Ex-trade minister Andrew Robb sells Cremorne house for more than $4.2 million guide

March 24, 2020
The four-bedroom Cremorne house of Andrew and Maureen Robb sold well ahead of the April 7 auction.

Former trade minister Andrew Robb and his wife Maureen have defied early expectations of a market correction by selling their Cremorne Point home less than two weeks after it was listed and for more than the $4.2 million guide.

The sale indicates the couple are forging ahead with their plans to downsize closer to the northern beaches, where they sold their Palm Beach property Indigo last October for $4.075 million to chief of Abacus Property Group Steven Sewell and his wife Sarah.

The Robbs bought the four-bedroom house designed by architect Rolf Haefeli in 2018 for $3.985 million when the couple moved to Sydney from Melbourne and following the sale of their former home in Brighton a year earlier for $2.655 million in his former Goldstein electorate.

Andrew and Maureen Robb look set to forge ahead with plans to downsize to the northern beaches.

It was scheduled to go to auction on April 7 but sold on Tuesday morning by Ray White Mosman’s Geoff Smith and Richard Harding.

Mr Smith declined to reveal the sale result but confirmed it had sold above the guide.

The Ray White Lower North Shore office has six auctions scheduled for this Thursday, some of which were originally set to go under the hammer in April but were brought forward.

Andrew and Maureen Robb moved to Sydney about three years ago when they sold their former home in Melbourne's Brighton for $2.655 million.

Louis Christopher, of property analyst SQM Research, was stumped by the top sale result in light of the record jump in unemployment in recent days.
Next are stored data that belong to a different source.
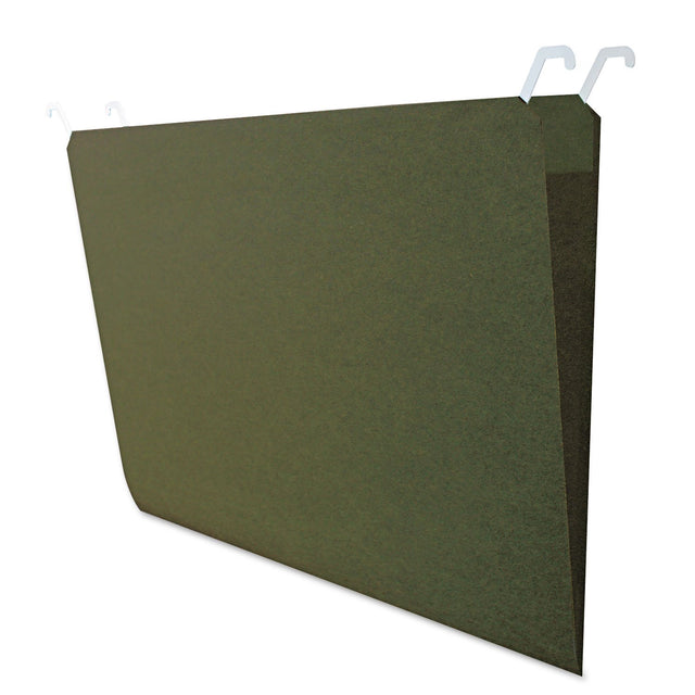 Find files fast with this revolutionary, patented design. Unique style lowers the top rail of the hanging folder so that the tabs of your interior files are completely visiblethere's no need for plastic tabs on the hanging file. Expands 1/2" to accommodate growing files. 9 pt. stock. Folder Size Type: Legal; Max Folder Expansion: 0.5"; Folder Color: Standard Green; Color Family: Green.
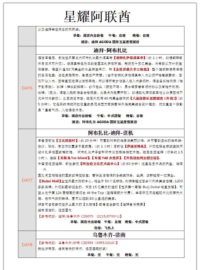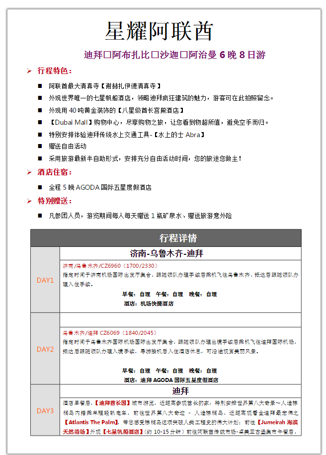 星耀阿聯(lián)酋迪拜□阿布扎比□沙迦□阿治曼6晚8日游
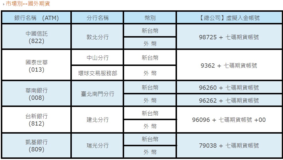 ➣期貨臨櫃開戶(國內、海外期貨、選擇權)
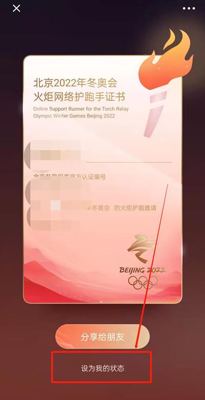 点击证书下面的【设为我的状态】,然后点击【就这样】即可将微信状态设置成【护跑火炬】状态。
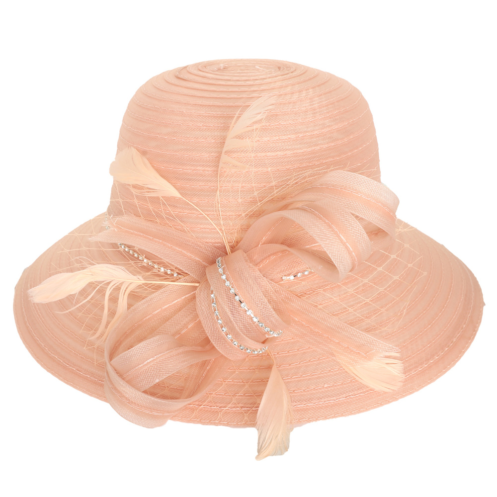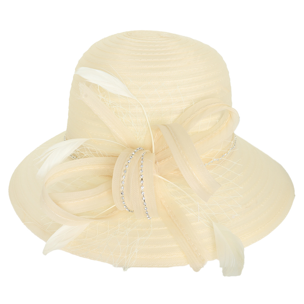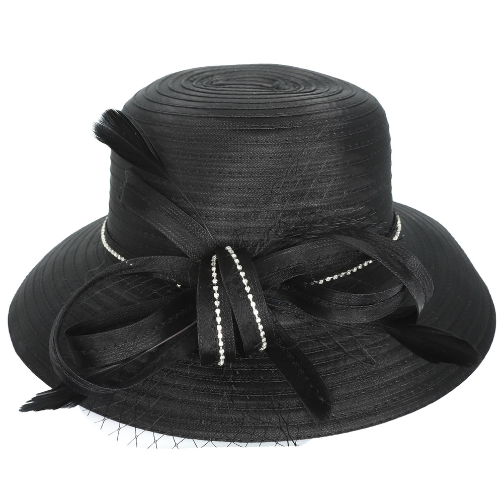 FEATHERED RHINESTONE LACED ORGANZA RIBBON CLOCHE BRAID HAT

“It’s a very bullish buy and indicates optimism the crisis will pass very soon,” said Christopher. “And certainly as a seller I wouldn’t want to be going to auction any time soon.”
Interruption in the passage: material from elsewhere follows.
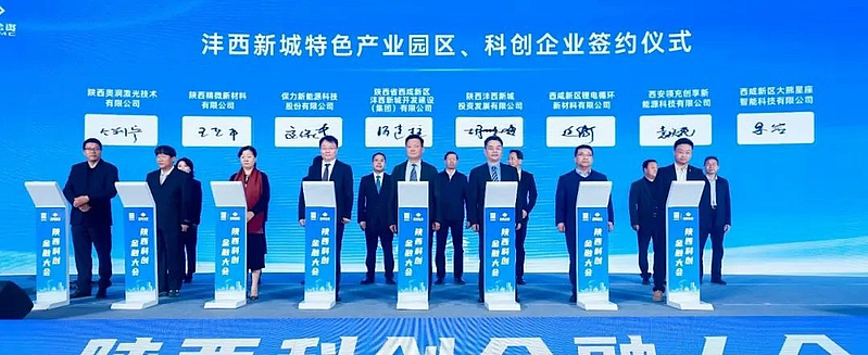 灃西新城特色產業園區與西咸新區大熊星座智能科技有限公司、西安領充創享新能源科技有限公司、西咸新區鋰電循環新材料有限公司、保力新能源科技股份有限公司、陜西精微新材料有限公司、陜西奧潤激光技術有限公司6家企業簽訂合作協議,將大力發掘以中國西部科技創新港—西安交通大學為主的優質高校科技成果項目推動優質科技成果加速轉化。
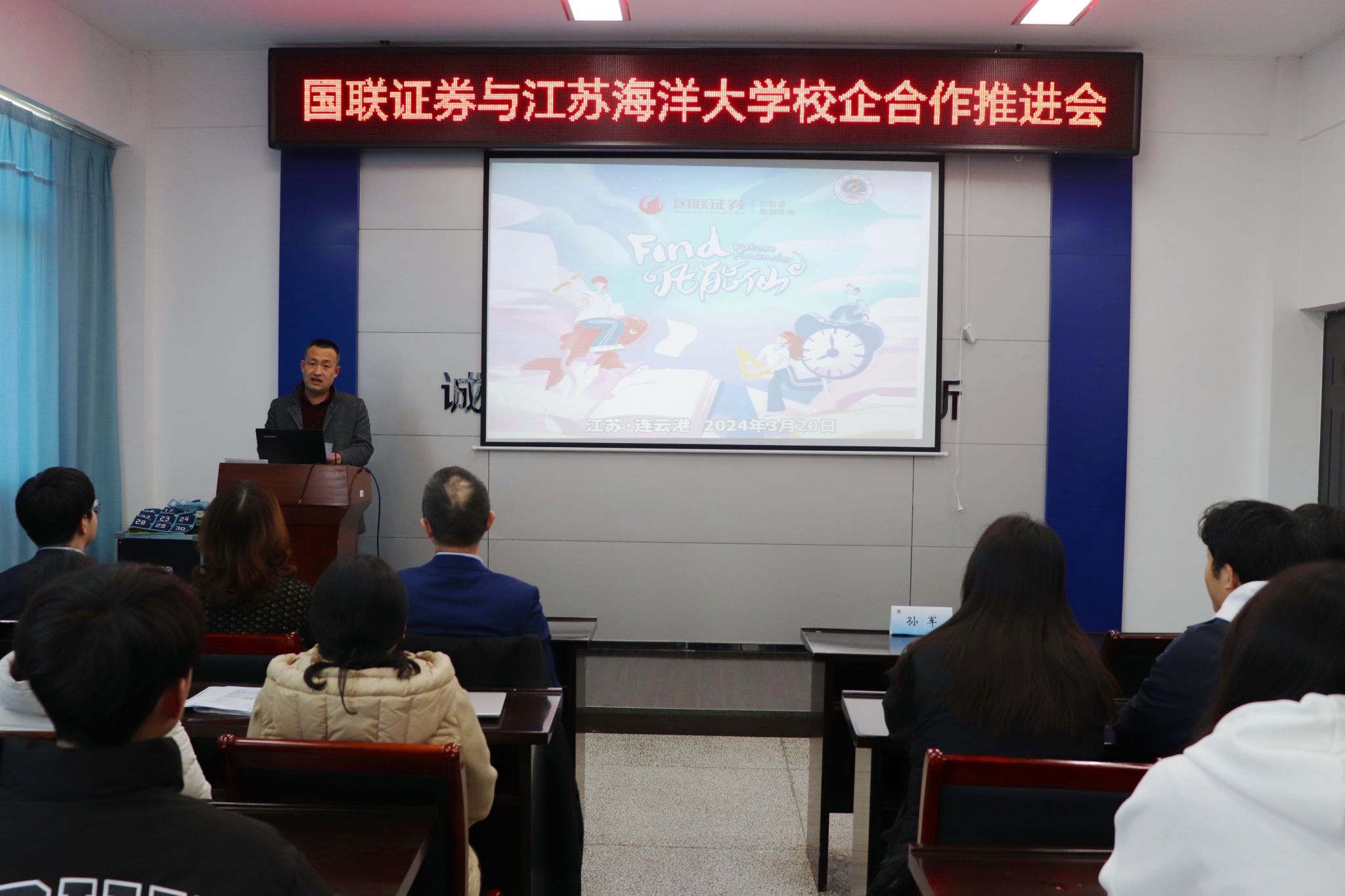 为深度推进校企合作,助力学生成长与成才,3月20日下午,江苏海洋大学商学院与国联证券股份有限公司在文渊楼357会议室举办校企合作推进会。

Mr Robb retired as a Liberal minister in 2016 and went to work for businessman Ye Cheng, a member of President Xi Jinping’s advisory body Chinese People’s Consultative Committee.

It was a controversial career choice at the time because Mr Robb is widely credited with being the architect of Australia’s free-trade agreements with China, Japan and South Korea and because Mr Ye also owns Landbridge, which acquired the 99-year lease for the Port of Darwin in 2015, prompting former US president Barack Obama to complain because he hadn’t been warned.

Mr Robb quit his $880,000-a-year job with Mr Ye a year ago.